The political and economic effects of the US-Israel attacks on Iran and Iran’s response seem to be much more about what is not done than what is. The extraordinary truth is that a “war” with grave immediate effects on the political-economy of the planet is taking place with nearly all the world’s states remaining on the sidelines. US allies and US enemies alike, poor and rich, global South and global North, are staying out of it.

This is not because of anti-Trumpism or anti-Americanism — two very different things. Nor is it because of international affection for Iran. At one level, it is because the US has a lengthening record of starting overseas conflicts it does not really win, from Somalia 1992 to Venezuela 2025. Until the current Trump administration, such conflicts had ideological, moral or strategic justifications that clearly meant something to the presidents who were executing them. That has not been at all clear since January 2025. There have been some justifications similar to those of the past, but they fall away when financial gain presents itself, whether in control of Venezuelan oil or a “very big present worth a tremendous amount of money” from Iran. Beyond good financial deals, whether realized or not, the White House’s main foreign-policy motivator has been the spectacle of using force and receiving displays of submission and deference from foreigners.

It’s not a strategy but it does reflect a cast of mind that has been consistent for over a year. The international scene has adjusted. People keep their opinions to themselves, waiting politely until the White House’s attention moves on. World leaders have learning curves too, and they studied the example of Ukraine President Volodymyr Zelensky in his notorious meeting with President Trump in February 2025. Global political behavior has traveled a long road from there to the extraordinary self-control of Japanese Prime Minister Sanae Takaichi as President Trump made jokes about surprise attacks and Pearl Harbor.

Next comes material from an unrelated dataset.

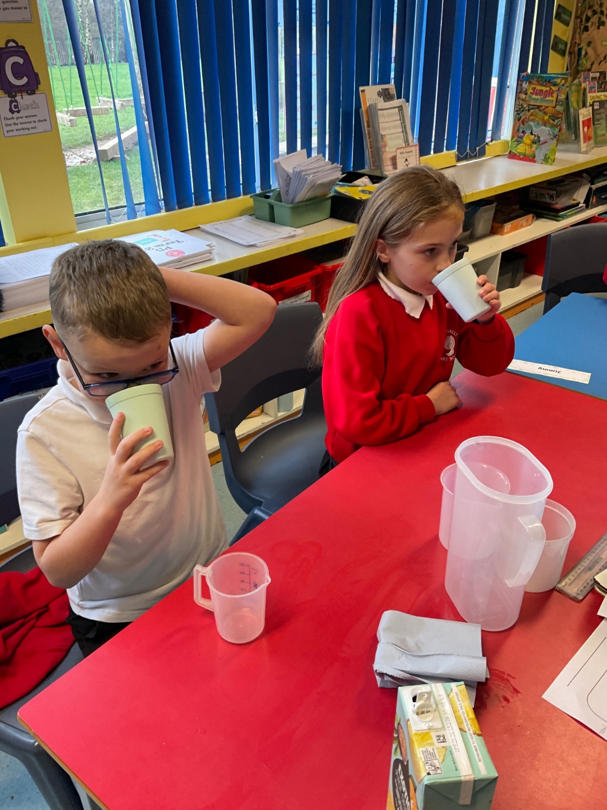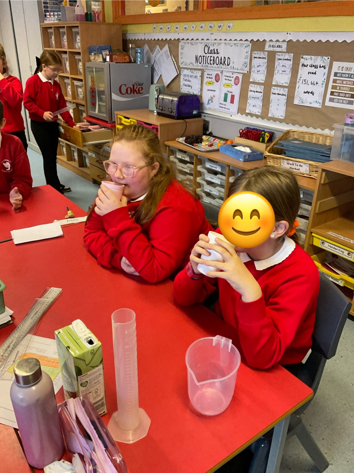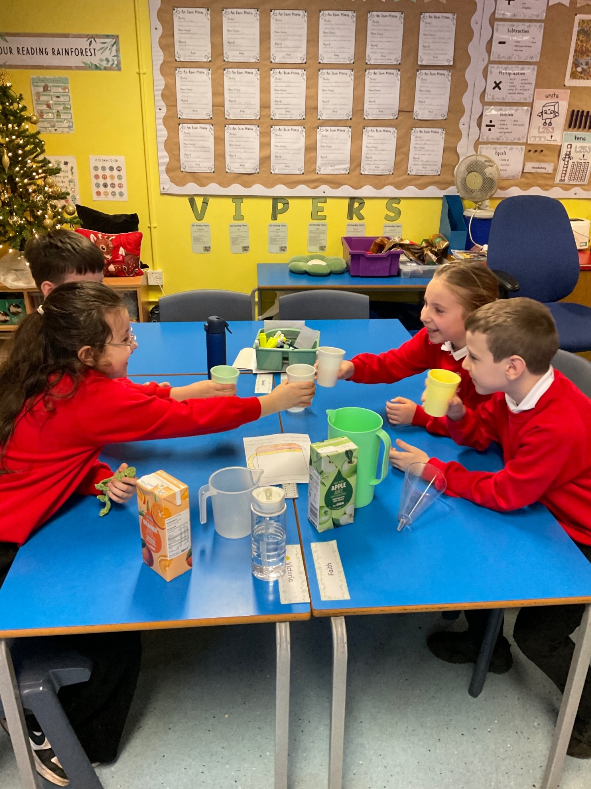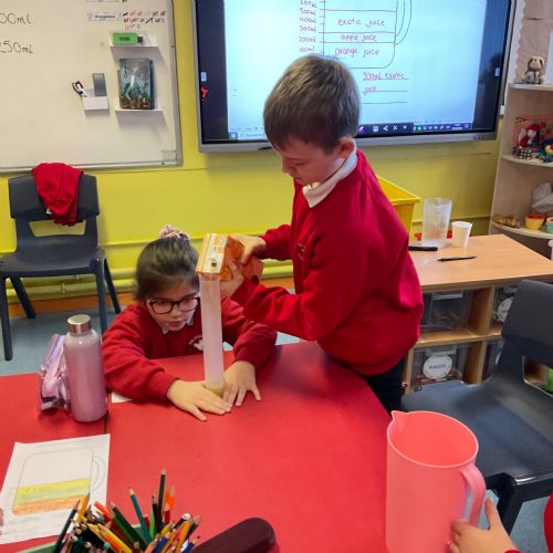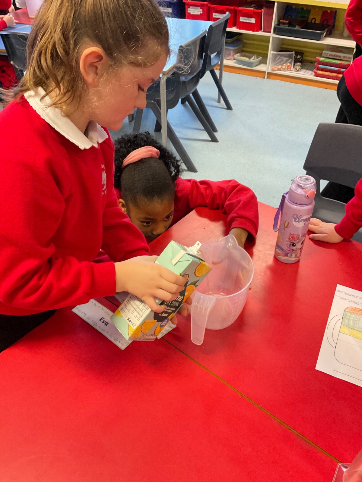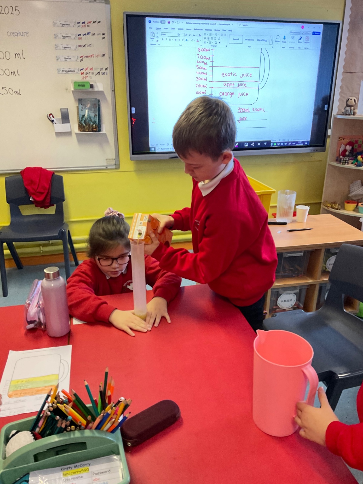 Today we made capacity concoctions! We began by discussing what juices we would like to include in our drinks and recording this on our worksheets. We measured each juice carefully in millilitres, using a range of tools like jugs, cups, and syringes. We talked about which containers held more or less and experimented with mixing amounts together. The best part was tasting our creations at the end and seeing how our measurements turned into yummy drinks!

The result is that the world order is being remade passively, through non-participation. African states, European states, India, China and others have reacted in about the same way to the US-Israel-Iran conflict, which is to hope not to be asked the question. This is not only about the US (or Israel): Iran is seeing how little its African initiatives are producing in a crisis. Leaders including India’s Narendra Modi and China’s Xi Jinping preferred to focus on things other than the massive conflict threatening their energy supplies. (Iran became a full member of the China-founded Shanghai Cooperation Organization, its ninth, in 2023 after 15 years of hard diplomatic effort.) The BRICS group — Iran has been a member since 2024 — has been stymied. At the same time, the EU’s foreign policy head, Kaja Kallas, said simply, “This is not Europe’s war.” NATO chief Mark Rutte has made a variety of statements that noticeably contradict each other.

And so on. It is important to recognize the non-functioning of the BRICS and SCO alongside that of NATO, the EU and UN bodies. There is no world organization, sub-organization, leader or group of leaders able or willing to impose any kind of order. It is as much a crisis of the global South as of the global North or the West. The global South’s inability to speak up for one of its own is rooted in energy needs at least as much as in any hesitation to upset the White House. The industrialization and digitization of the poorer parts of the world have changed their international politics in so many ways. They have certainly changed the politics of energy.

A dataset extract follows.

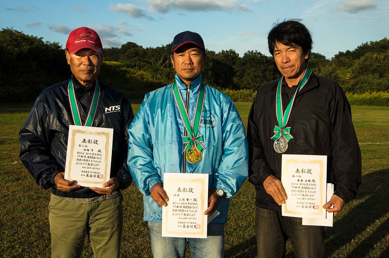 ![]() 左から3位:今村選手、優勝:三間選手、2位:金森選手 |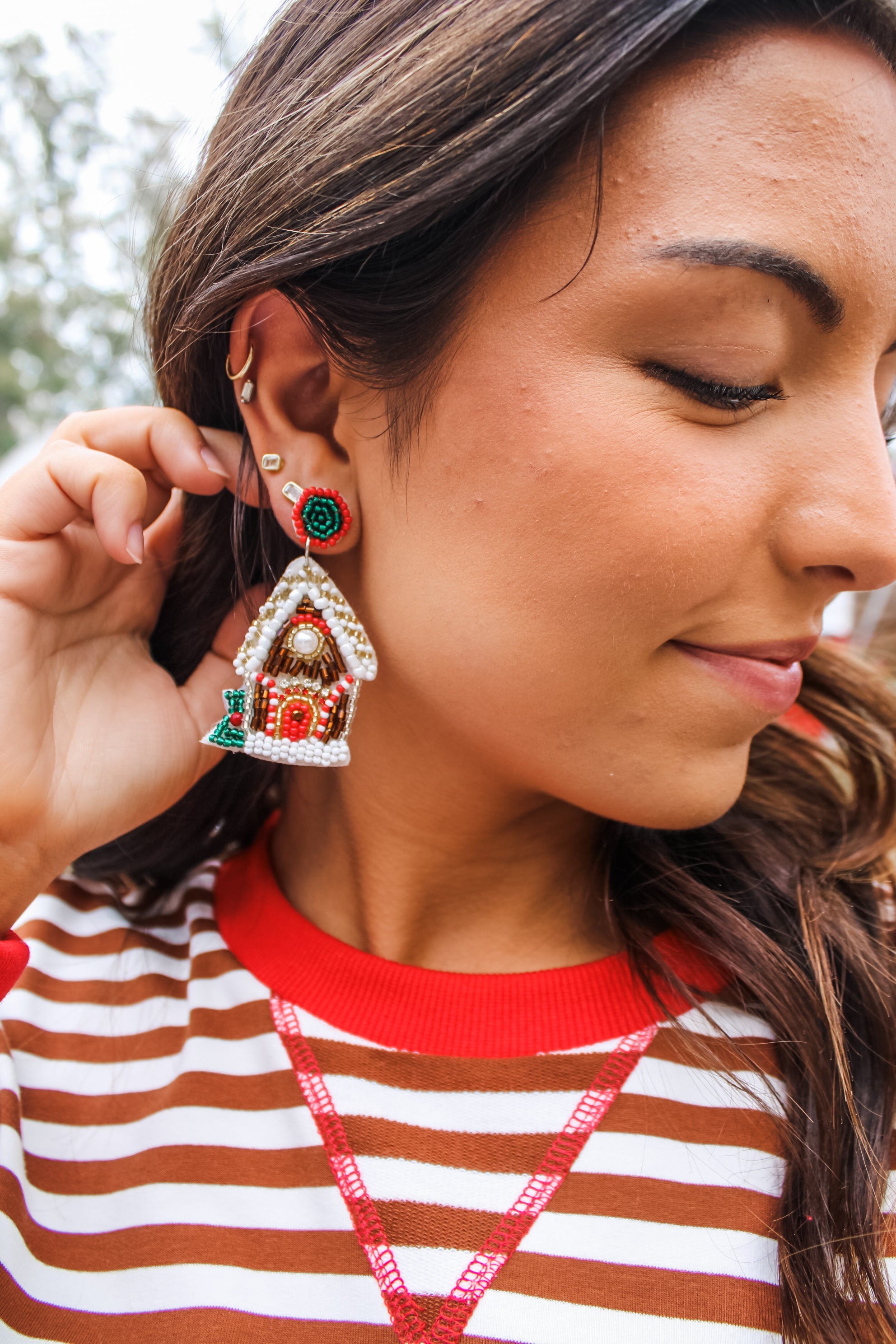 Have a merry and bright holiday style with the cutest accessories! These earrings will add a festive flair to any outfit with its beaded design and rhinestone gems. Materials may have natural variations. Colors may vary from different viewing devices and lighting. Final sale item.

The main result of the US-Israel-Iran conflict for investors is perhaps that any investment requiring stable electric power, which is of course most investments, has to include an assessment of energy sources and supply redundancies beyond what markets are able to price accurately. In particular, energy diversification away from petroleum — for national markets that lack their own petroleum supplies — is clearly necessary, without any reference at all to carbon-based climate change. The Trump administration made the burial of “green energy” a potent rallying call domestically, but US policies are having the opposite effect internationally. It isn’t simply about cars, trucks and planes. All AI and other Internet-related businesses, for example, require electrical power from some source, as does the manufacture of all their components.

Whatever the White House imagined at first to be the purpose of the Iran conflict, two striking effects have been the exposure of the weakness of all international groupings (Western or not) and the political-economic necessity for most markets of diversifying their energy sources.